You may have worked out that an Automatic Storage Manager (ASM) Cluster File System (ACFS)for shared Oracle home use is just an ACFS under CRS control—so what about an ACFS for general purposes?
Once you create an ACFS file system with mkfs, it can be used in exactly the same way as any POSIX-compliant file system. You could say that it needs no further action or management other than to mount it and go. The only slight problem with that, however, is when it comes to mounting it automatically at boot time. The file system requires ASM to be up, the underlying disk groups to be mounted, and the ADVM drivers to be loaded, so we need to have something that ensures that all this is true before the mount occurs. The ACFS mount registry is the tool for this; it is managed using the acfsutil command.
The general purpose ACFS can be used for anything, but it’s ideal for the following:
Diagnostic destination If you’ve used versions 11.1 and 11.2, you may know this feature as the Automatic Diagnostic Repository (ADR), but beginning in 10.2 RDBMSs, you can as easily mount your ORACLE_HOME/admin directory or wherever your bdump, udump, and cdump directories exist. Not only is it a good idea to have all the instance’s trace files in a common store to be viewed from a single node in the cluster, but having a separate file system for trace files can help with file space management. Although the GI home cannot be on the ACFS, the ASM diagnostic destination can be. Be careful that you don’t fill the file system, however, because that can cause clusterwide problems.
External database files and directories Having a shared file system for BFile data types and external directories ensures that the files are available no matter what instance you are running on.

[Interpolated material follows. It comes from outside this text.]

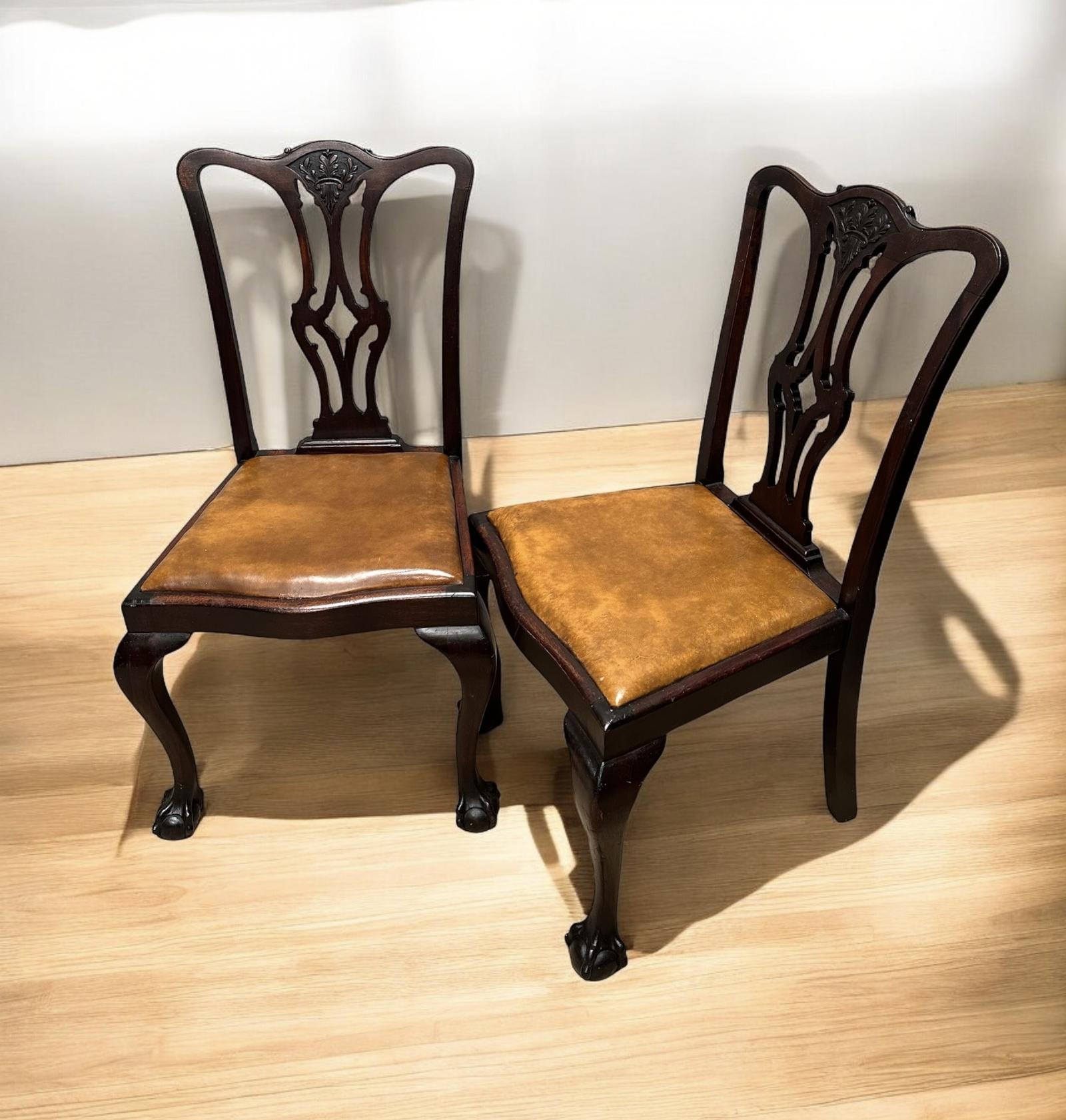 Antique Carved Mahogany Chair / Chippendale Style / Set of Two c.1830
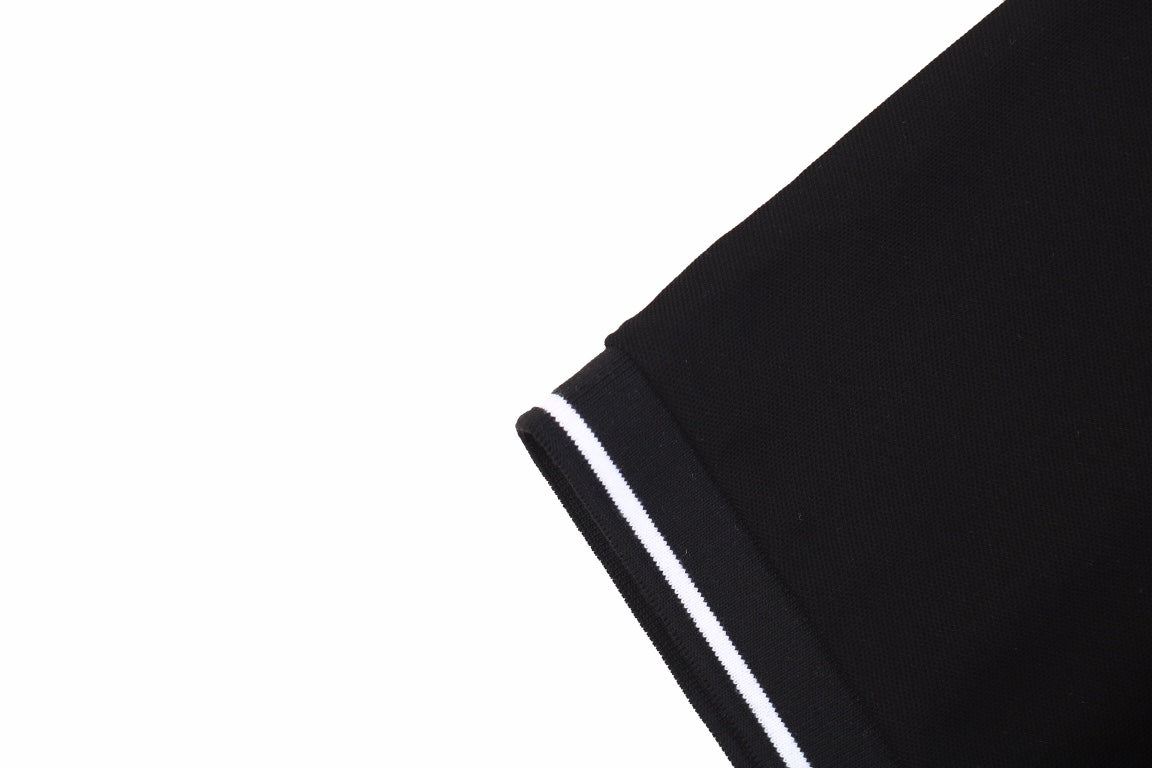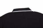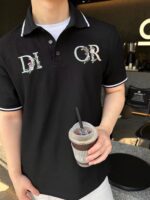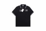 This Dior polo shirt features a floral logo design. It is black with white trim on the collar and sleeves. Perfect for an elegant and stylish look.

Applications Many applications require that common store be used for documents and reports. If the application lives on a middle tier, either GI must be installed on those cluster nodes or exiting ACFSs can be exported using NFS and mounted on those mid-tier servers.
ACFS mount registry
The ACFS mount registry can be compared to the /etc/fstab on Linux because it stores information about file systems that require mounting at boot time. One major difference between the registry and fstab is that the registry manages the mounts across the cluster and communicates with CRS to ensure that the required resources are started before mounting. The mount registry is managed using the acfsutil command, and all general purpose file systems should be registered with the mount registry. You must not, however, register CRS-managed ACFSs with the mount registry; it is one or the other, but never both.